> [What the exercise asks]
Repeat the data exactly, leaving out any image.
::::::
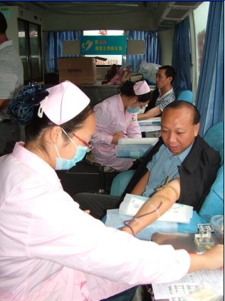 荊門市供水總公司熱心公益事業(yè),積極和荊門市中心血站聯(lián)系,組織發(fā)動職工志愿者義務(wù)獻血。圖為公司職工在流動獻血車上獻血。
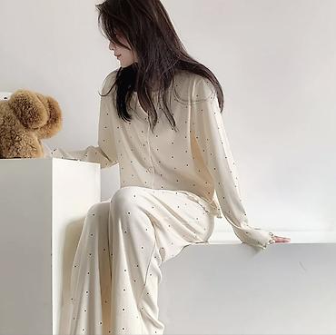 Женская домашняя пижама, 2 предмета - Цвет: молочный/айвори с мелким
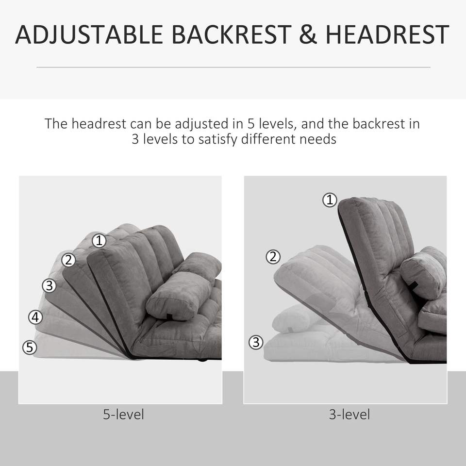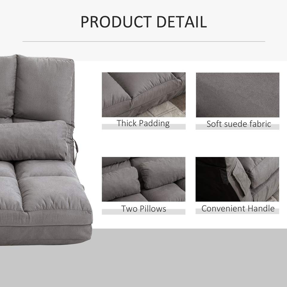 Divano Letto Convertibile Grigio Scuro con Schienale e Poggiatesta Regolabili, Chaise Longue Pieghevole per Ospiti con 2 Cuscini
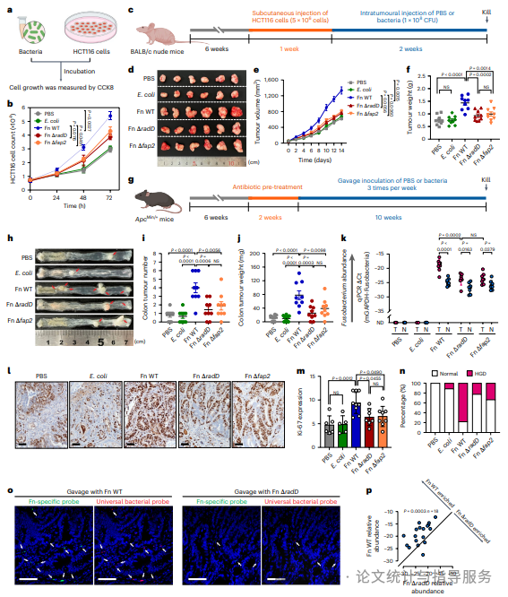 接下来,研究团队研究了RadD是否能够促进CRC细胞的增殖。结果表明,RadD对于具核梭杆菌(F. nucleatum)促进CRC细胞增殖是必要的。随后,研究人员使用ApcMin/+小鼠(一种自发性CRC的遗传小鼠模型)进一步探讨了RadD对结直肠癌发生的影响。研究结果表明RadD对于具核梭杆菌在结肠肿瘤组织中的定位和富集至关重要,从而在ApcMin/+小鼠中发挥其致癌作用。
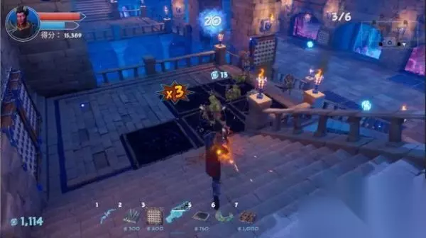 本关基本上就是在楼梯上跟怪物打,楼下范围比较大,只需在几个必经之地放陷阱即可。
::::::
> [Reply]
 荊門市供水總公司熱心公益事業(yè),積極和荊門市中心血站聯(lián)系,組織發(fā)動職工志愿者義務(wù)獻血。圖為公司職工在流動獻血車上獻血。
 Женская домашняя пижама, 2 предмета - Цвет: молочный/айвори с мелким
 Divano Letto Convertibile Grigio Scuro con Schienale e Poggiatesta Regolabili, Chaise Longue Pieghevole per Ospiti con 2 Cuscini
 接下来,研究团队研究了RadD是否能够促进CRC细胞的增殖。结果表明,RadD对于具核梭杆菌(F. nucleatum)促进CRC细胞增殖是必要的。随后,研究人员使用ApcMin/+小鼠(一种自发性CRC的遗传小鼠模型)进一步探讨了RadD对结直肠癌发生的影响。研究结果表明RadD对于具核梭杆菌在结肠肿瘤组织中的定位和富集至关重要,从而在ApcMin/+小鼠中发挥其致癌作用。
 本关基本上就是在楼梯上跟怪物打,楼下范围比较大,只需在几个必经之地放陷阱即可。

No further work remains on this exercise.